**ASSIGNMENT**
In the entries below, begin at the line that has "Sin mucho ambiente", stop after the line that has "所以仅从词频看,方方无非就是", and output those lines exactly with no pictures.

**Collected data**
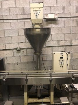 AMS Fully Automatic Filler, Model A-400E, S/N A-400171-E with Bottom Discharge Opening Measurement of 3" Dia., Conveyor Belt Aprox. 6 ft. L x 8 ft. W, Last used in one of FL is largest nutraeutical processing companies (Loading Fee $350) (Located Hialeah, FL)
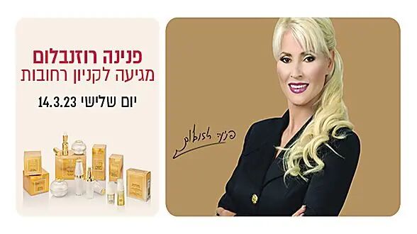 פנינה רוזנבלום מגיעה לקניון עופר רחובות ליום מכירות מיוחד של מוצריה.
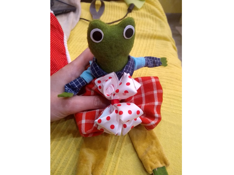 Для спектаклей и игры в Квака и Жаба я сшила две куклы с подвижными конечностями из остатков тканей. Так как главным для меня была игра, я не увлекалась детализацией кукол и старалась, чтобы их создание не заняло у меня много времени. Но при этом куклы выполнены в одном стиле: у них подвижные длинные конечности и одинаковые глаза.
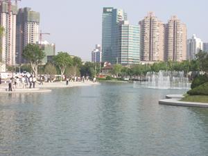 太平橋綠地占地面積約4公頃,該綠地規(guī)劃立意高,以湖光、山色、叢林為特點,旨在創(chuàng)造現(xiàn)代城市山水園林的景觀面貌。設計師在綠地中布置了近一公頃面積的水體,并以此為主體使整個綠地構(gòu)成了沿東西長軸方向三個層次的園林景觀,即綠地北側(cè)寬闊的湖濱親水臺階和平臺、中部開闊的湖面水景,南側(cè)山林草坡。整個綠地構(gòu)圖簡潔,氣勢恢弘,山體、湖面、綠化互為襯托,相映成輝,相得益彰,游人可以環(huán)湖游覽,亦可順著湖濱親水臺階貼近湖面;或沿山間小徑,登高遠眺,充分享受美好的湖光山色。作為中共一大會址旁的大型綠地,設計師充分考慮了它與一大會址的關(guān)系,巧妙地利用了興業(yè)路路端,設計了一個親水平臺式的小廣場,伸入湖面,使游人能夠在綠地中更好地眺望一大會址,同時也能使人聯(lián)想到黨的誕生之地“南湖”。
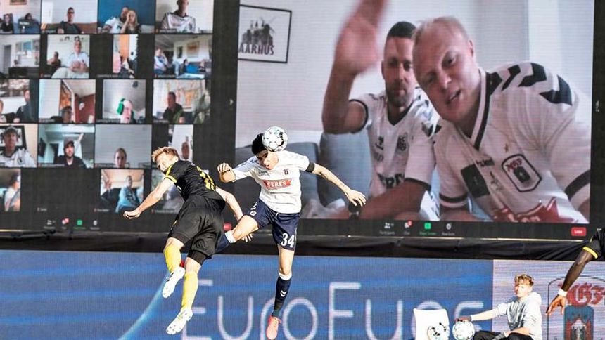 Sin mucho ambiente y con interacción limitada: así fue el estreno de la grada virtual, el invento del AGF para compensar la ausencia de público en las gradas por la pandemia del Covid-19 en el regreso de la liga danesa tras dos meses, acorde con un gris derbi comarcal (1-1).
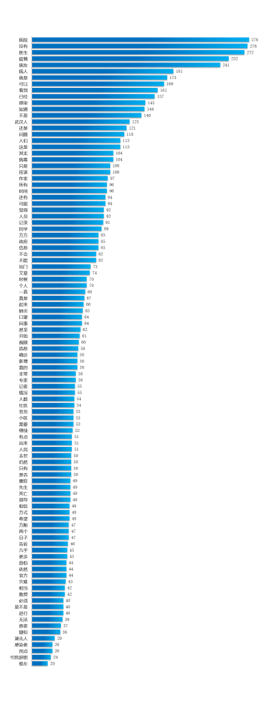 所以仅从词频看,方方无非就是在谈疫情对人们的影响。我通读完方方60篇日记,的确也是这样的感觉,就是那种隔壁老太太唠家常,时不时发点牢骚。那个著名的“极左”恰好排在第100位。当然很多人期望看到的“火神山”出现了5次,没有上榜,“雷神山”出现了3次,也没有上榜。“援助”13次,“支援”9次,“胜利”8次,都无缘前100名。
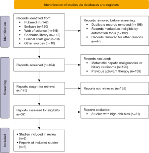 Figure 1 shows that this search yielded a total of 838 studies initially considered for review (13). Studies that were excluded are listed below: 109 studies due to previous adjuvant therapy, 120 studies focusing on metastatic hepatic malignancy or intrahepatic bile duct carcinoma, 198 duplicate studies, 44 trial protocols, 192 articles consisting of reviews and case reports, 67 studies lacking ORR or DCR data, 71 studies involving cells or animals, and 31 high-bias studies. Consequently, a total of 6 high-quality, low-bias trials were enrolled in this meta-analysis.
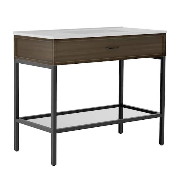 Arya 36 in. W Freestanding Single Sink White Bath Vanity with White Solid Surface Top and Black Legs
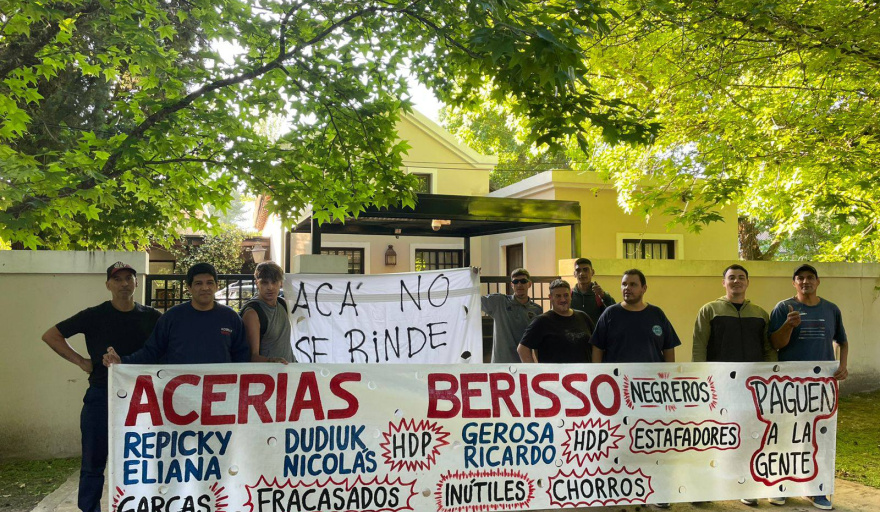 Los trabajadores de Acerías Berisso SA se presentaron este jueves por la mañana en la casa de Nicolás Dudiuk, uno de los dueños de la compañía que el 23 de octubre pasado cerró sus puertas y no las volvió a abrir hasta la actualidad, dejando a 50 empleados en la calle.
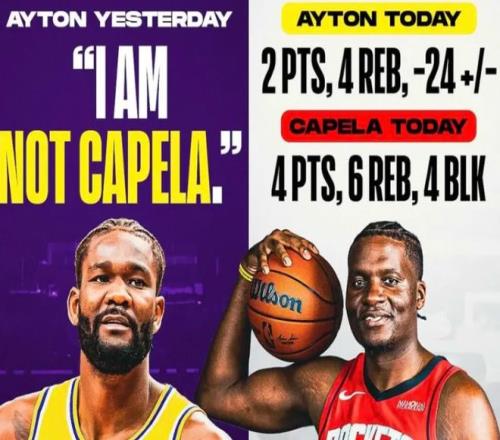 更讓人無法接受的是,就在這場恥辱性失利之前,湖人輸給魔術,狂砍21分14籃板的艾頓在接受媒體采訪時大放厥詞:“他們想把我變成克林特·卡佩拉,我可不是卡佩拉!” 那語氣里的不屑與驕傲,仿佛卡佩拉是什么拿不出手的角色,仿佛他這個狀元,就該高人一等,就該不做那些“臟活累活”。可艾頓啊,你倒是看看,你嘲諷的卡佩拉,如今在火箭做著什么;再看看你自己,在湖人又干了些什么。
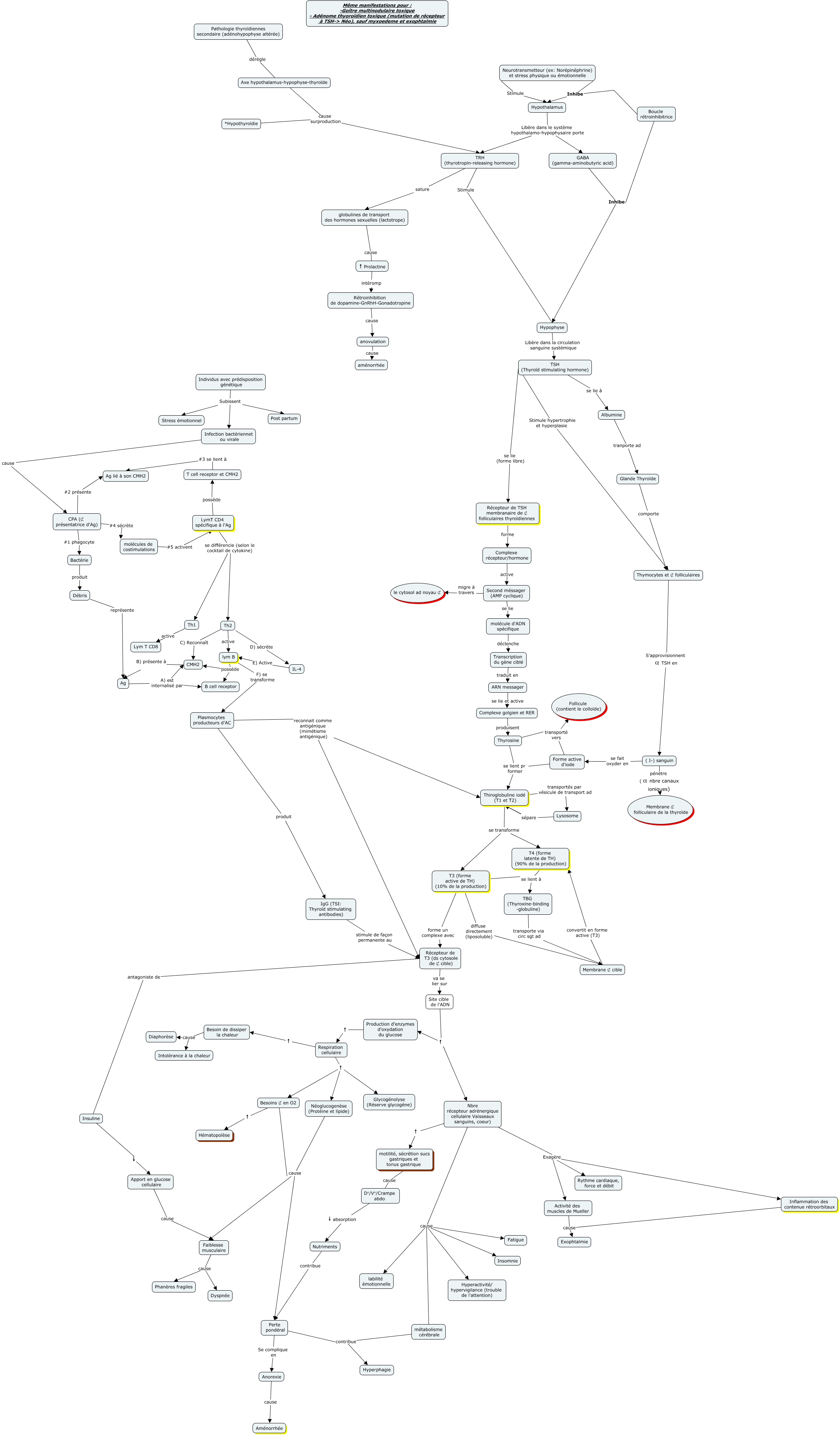 Cette carte de concepts créée avec IHMC CmapTools traite de: Hyperthyroïdie finale_Jé, Nbre récepteur adrénergique cellulaire Vaisseaux sanguins, coeur) cause labilité émotionnelle, TBG (Thyroxine-binding -globuline) transporte via circ sgt ad Membrane ⊄ cible, métabolisme cérébrale cause Insomnie, TSH (Thyroïd stimulating hormone) se lie à Albumine, Faiblesse musculaire cause Phanères fragiles, Récepteur de T3 (ds cytosole de ⊄ cible) antagoniste de Insuline, Nbre récepteur adrénergique cellulaire Vaisseaux sanguins, coeur) Exagère Inflammation des contenue rétroorbitaux, Plasmocytes producteurs d'AC produit IgG (TSI: Thyroïd stimulating antibodies), Complexe golgien et RER produisent Thyrosine, Second méssager (AMP cyclique) se lie molécule d'ADN spécifique, T4 (forme latente de TH) (90% de la production) se lient à TBG (Thyroxine-binding -globuline), Site cible de l'ADN ↑ Production d'enzymes d'oxydation du glucose, Glande Thyroïde comporte Thymocytes et ⊄ folliculaires, CPA (⊄ présentatrice d'Ag) #2 présente Ag lié à son CMH2, D°/V°/Crampe abdo ↓ absorption Nutriments, Hypothalamus Libère dans le système hypothalamo-hypophysaire porte GABA (gamma-aminobutyric acid), Perte pondéral contribue Hyperphagie, Second méssager (AMP cyclique) migre à travers le cytosol ad noyau ⊄, Thyrosine transporté vers Follicule (contient le colloïde), Th1 active Lym T CD8
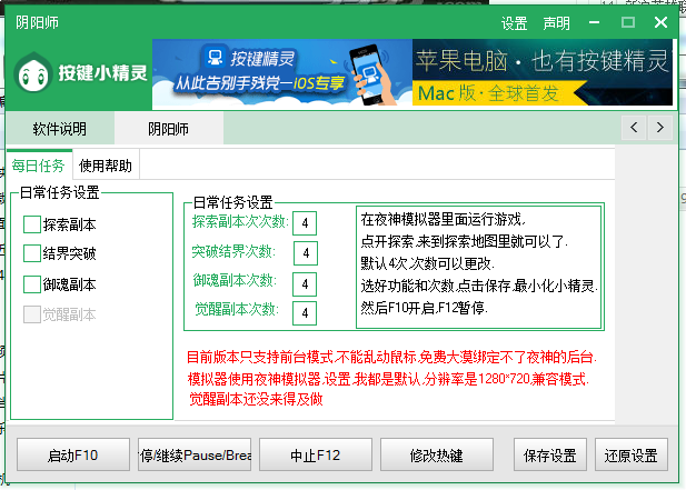 阴阳师按键精灵脚本是一款阴阳师手游挂机辅助应用软件,阴阳师按键精灵脚本具有探索副本、结界图片、御魂副本、觉醒副本等强大挂机功能,有需要的用户可以下载使用。
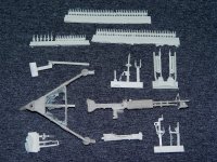 This is the worst of this line of kits for flash and it still isn't that bad! Especially when you look at what they made for you. The detail is exactly what I have come to expect from New Order Models. The receiver cover has an incredible amount of detail on the inside. The M60 has been beautifully reproduced right down to the sight adjustment knobs. What impressed me more than anything else about it is the fact that even with as many small and thin parts as there are in this kit, the only broken piece was one single round in one of the belts of ammo. You get six individual rounds with belt links and two long belts of ammo. You can clearly see each link in the belt, the projectile in the casing, and the ejector ring at the base of the round. The tripod elevation adjustment has all the grooves for the threading clearly visible.
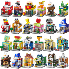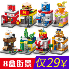 微颗粒儿童益智拼装街景积木商店模型玩具男孩拼图建筑小房子礼物
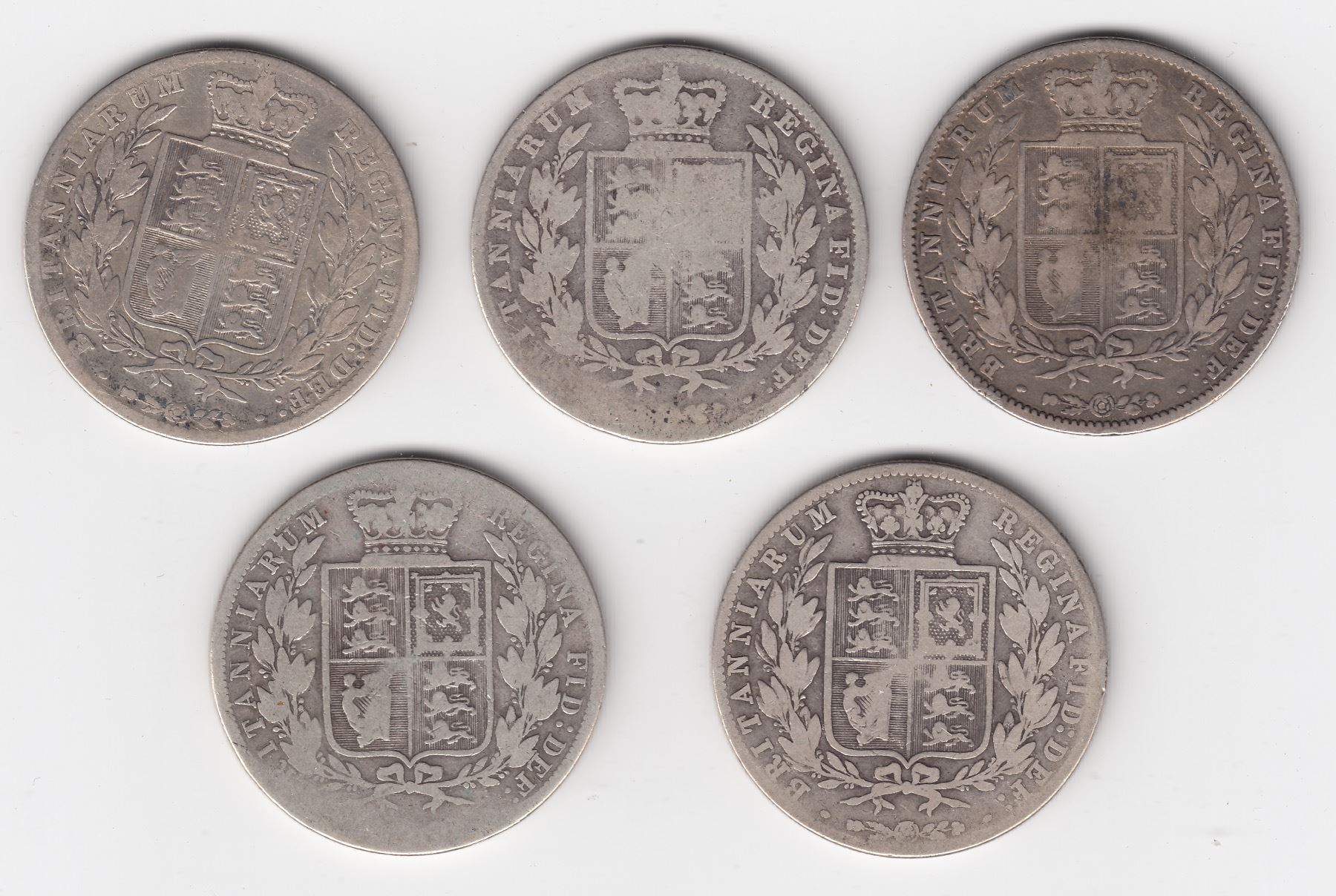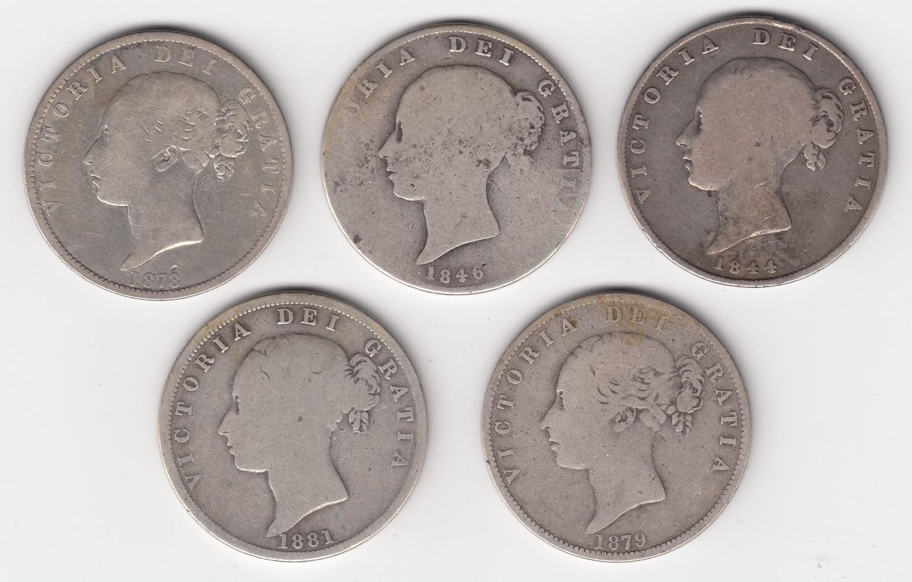 1/2 Crown: 1844, 1846, 1878, 1879, 1881. 5 Pcs.

**SOLUTION BELOW**
 Sin mucho ambiente y con interacción limitada: así fue el estreno de la grada virtual, el invento del AGF para compensar la ausencia de público en las gradas por la pandemia del Covid-19 en el regreso de la liga danesa tras dos meses, acorde con un gris derbi comarcal (1-1).
 所以仅从词频看,方方无非就是在谈疫情对人们的影响。我通读完方方60篇日记,的确也是这样的感觉,就是那种隔壁老太太唠家常,时不时发点牢骚。那个著名的“极左”恰好排在第100位。当然很多人期望看到的“火神山”出现了5次,没有上榜,“雷神山”出现了3次,也没有上榜。“援助”13次,“支援”9次,“胜利”8次,都无缘前100名。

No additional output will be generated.